Les femmes sont les grandes oubliées de nos mémoires dites républicaines. Et pourtant, elles ont combattu, transmis, porté. 

Sans elles, notre mémoire est bancale. 

Comme dit Christiane Taubira : « Ce n’est pas la mémoire qui divise, c’est l’oubli. »

Conclusion  : Retrouvons la mémoire !

Retrouver nos mémoires, c’est prendre en main notre souveraineté narrative. 

Ce n’est pas faire une contre-histoire figée, c’est ouvrir le récit à ceux qui en ont été écartés.

 A cet égard, la Guadeloupe peut devenir un territoire de mémoire vivante, populaire, assumée.

La Guadeloupe doit devenir un territoire de souveraineté mémorielle.
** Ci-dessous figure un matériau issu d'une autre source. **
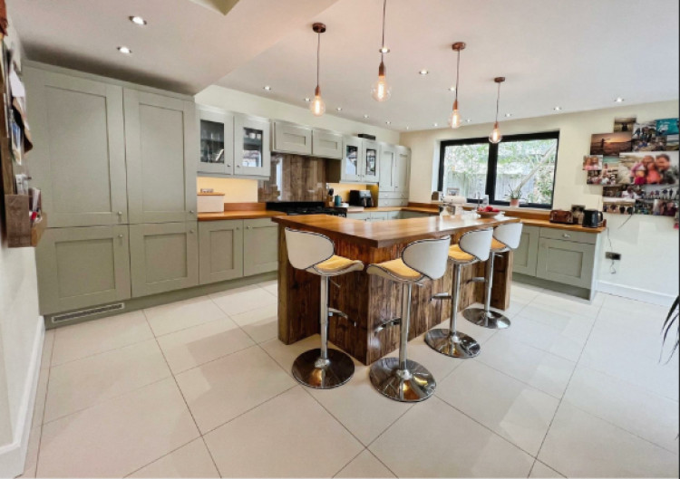 "The breakfast bar and island create an inviting space for casual dining, while sliding doors seamlessly connect the interior to the stunning rear garden.
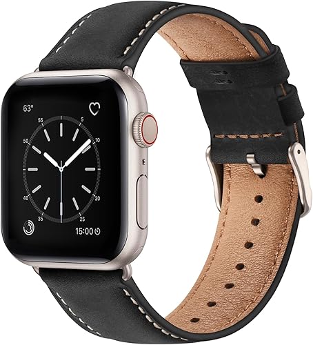 SUNFWR Leather Bands Compatible with Apple Watch Band 41mm 40mm 38mm 42mm(series 11 10) for Men Women, Top Grain Genuine Leather Replacement Strap for iWatch SE 3 2 1, Series 11 10 9 8 7 6 5 4 3 2 1

Nous devons reprendre en main nos récits, nos symboles, nos images, nos silences. 

Cela signifie aussi développer l’esprit critique et l’éducation aux médias.

Et cela passe par des lieux. Des musées (oui, des musées comme le Musarth !) . Des archives.

Cela passe aussi — et surtout — par des formats nouveaux : TikTok, Instagram, documentaire, théâtre, poésie, slam….

Cela passe en un mot par le développement et la structuration des Industries Culturelles et Créatives.

Car nos mémoires ne vivent pas que dans les dates.

Elles vivent dans les gestes. Les mots. Les pixels. Les visages.

Le Conseil Départemental de Guadeloupe, sous l’impulsion de son Président Guy LOSBAR, s’est engagé dans cette voie.

Nous soutenons les projets mémoriels, les initiatives citoyennes, les formes hybrides de transmission.

Parce que la mémoire n’est pas un luxe intellectuel. C’est une urgence politique.

Et comme j’aime le dire : aujourd’hui, ce ne sont plus seulement les chasseurs qui racontent. 

Les lions ont trouvé le Wi-Fi ! 

Et ils montent leurs propres documentaires….

Je suis donc ravi, grâce à ce colloque, d’avoir entendu rugir le lion Benjamin Stora d’avoir entendu les rugissements de la lionne Christiane Taubir a, de la lionne Karine Sitcharn, d’avoir entendu les rugissements des lions Didier Destouches Christian Saad et Sébastien Matourpasad, comme les rugissements de tous ceux qui m’ont précédé à cette tribune…

Mais il nous appartient désormais de porter ces rugissements aux oreilles du plus grand nombre, dans une dynamique de vulgarisation. 

Alors écrivons. Filmons. Débattons. Créons. Partageons. 

Et surtout… n’oublions jamais.

Car comme le disait Frantz Fanon , “la mémoire est la condition de la décolonisation mentale”.

Je rajouterai qu’une mémoire réveillée est une société debout.

Et une société debout… est un peuple libre.